Bringing back By Way of the Funk
The struggle is still with us, but DANCO always sends the audience home dancing, and choreographer Jawole Willa Jo Zollar’s By Way of the Funk is another raucous good time. Dancers in black with deep fringe brought the social dances of the past alive, with Andrew Bryant in a quick moonwalk in the background. Guest artist Lamar Baylor, in a shining white jumpsuit, reprised his role from the original 2009 performance, leading the company and the audience, with Leslie Bunkley and Brena Thomas, dripping fringe in white with big, joyfully fake white afros like they just stepped out of the Parliament-Funkadelic mothership. Belous again hit the mark with the costumes, and there were probably few of us oldsters who didn’t leave determined to try at home some of those steps we remembered from our own days.

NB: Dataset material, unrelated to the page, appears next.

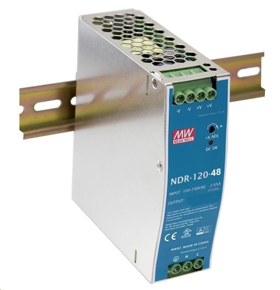 Napájanie pre inštaláciu na DIN lištu. Výstupné napätie 48 V DC, zaťažiteľnosť 120 W. Prevádzková teplota -10 až 60 °C. ZÁKLADNÉ ŠPECIFIKÁCIE Výstupné napätie: 48-56 V DC Výstupný výkon: 120 W Vstupné napätie: 100 - 240 V AC Certifikácia: CE EN-60950-1 Rozmery: 65 x 100 x 125 mm Hmotnosť: 0,79 kg..

During the intermission, founder and artistic consultant Joan Myers Brown (looking fabulous in glittering silver and stiletto heels) presented the company’s first Joanie award to director and producer Lee Daniels. He’d missed the presentation last year, stuck in LA with Covid. Daniels represents the DANCO legacy in the community: as a boy, he took lessons at the school, and he credits Brown with his success today.
What, When, Where
Our Voices, Our Choices…This is Us! Choreography by Martha Nichols, Bebe Miller, Dawn Marie Bazemore, and Jawole Willa Jo Zollar. PHILADANCO!, presented by Ensemble Arts Philly. $29-$49 (with additional fees of $16 for online orders). December 6-8, 2024, at the Kimmel Cultural Campus's Perelman Theater, 260 S Broad Street, Philadelphia. (215) 387-8200 or philadanco.org.
Accessibility
The Kimmel Cultural Campus is an ADA compliant venue.